Find the greater element

#1

can you briefly explain how using stack helps us to reduce time complexity…

#2

Naive approach would be to loop through every element and find the next greatest element one by one the time complexity would be o(n^n) as for n elements we have to traverse n times

let us see the stack based approach , here what we will do is twist our logic and instead of finding next greater element , we will find for every element for whom that element is next greater element , here we will utilize the propery of stack i.e LIFO , it will be more clear with the algo .
This the algo for stack based approach : -

  • Push the first element to stack.
  • Pick rest of the elements one by one and follow the following steps in loop.
    1. Mark the current element as next .
    2. If stack is not empty, compare top element of stack with next .
    3. If next is greater than the top element,Pop element from stack. next is the next greater element for the popped element.
    4. Keep popping from the stack while the popped element is smaller than next . next becomes the next greater element for all such popped elements
  • Finally, push the next in the stack.
  • After the loop in step 2 is over, pop all the elements from stack and print -1 as next element for them.
    example :-
    1161×1253 73 KB

here notice that every element is pushed only once in the stack and popped only once out of the stack so if there are n elements so total number of stack operation would be 2*n (n times push and n times pop) so the time complexity is o(n)

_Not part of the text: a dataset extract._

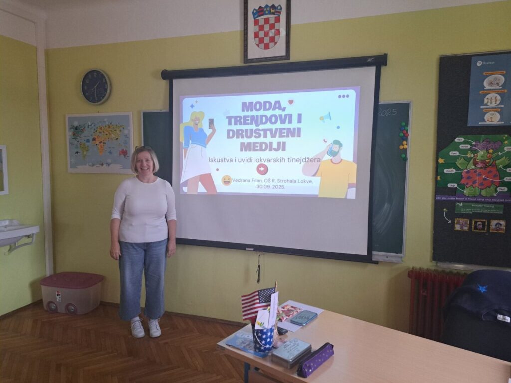 Vedrana Frlan, učiteljica engleskoga jezika, održala je 30. rujna na Učiteljskom vijeću predavanje pod nazivom “Moda, trendovi i društveni mediji – iskustva lokvarskih tinejdžera”. Podijelila je s kolegama svoj dobar primjer iz prakse koji potiče i promovira kritičko mišljenje te problemsko i istraživačko učenje naših učenika viših razreda kroz prizmu njihovih navika vezanih uz temu uporabe interneta i društvenih mreža te predstavila rezultate višegodišnjeg istraživanja tih navika iz vlastite i učeničke perspektive. Navedeni rezultati proizašli su iz debata, anketnog upitnika koji izrađuju i dijele učenici vršnjacima i razrednog eksperimenta pod nazivom “24 sata bez interneta, društvenih medija i video-igara” u 7. razredu te učeničkog osvješćivanja vlastitih obrazaca ponašanja kada je posrijedi uporaba interneta. Predavanje je bilo vrlo zanimljivo, kreativno i poticajno za sve učitelje.

Try to implement this algo yourself , In case of any doubt feel free to ask :slight_smile:

#3

in the example next greater element for 3 is -1 but according to the question i should be 11 as array is circular

#4

in the example next greater element for 3 is -1 but according to the question it should be 11 as array is circular

#5

@soorya19k, yes the above approach i have shared is for normal array ,
for circular array i have explained the approch in this discussion :- Find the greater element question
the concept is same you just need one more pass throught the array from starting and the time complexity will be same i.e o(n)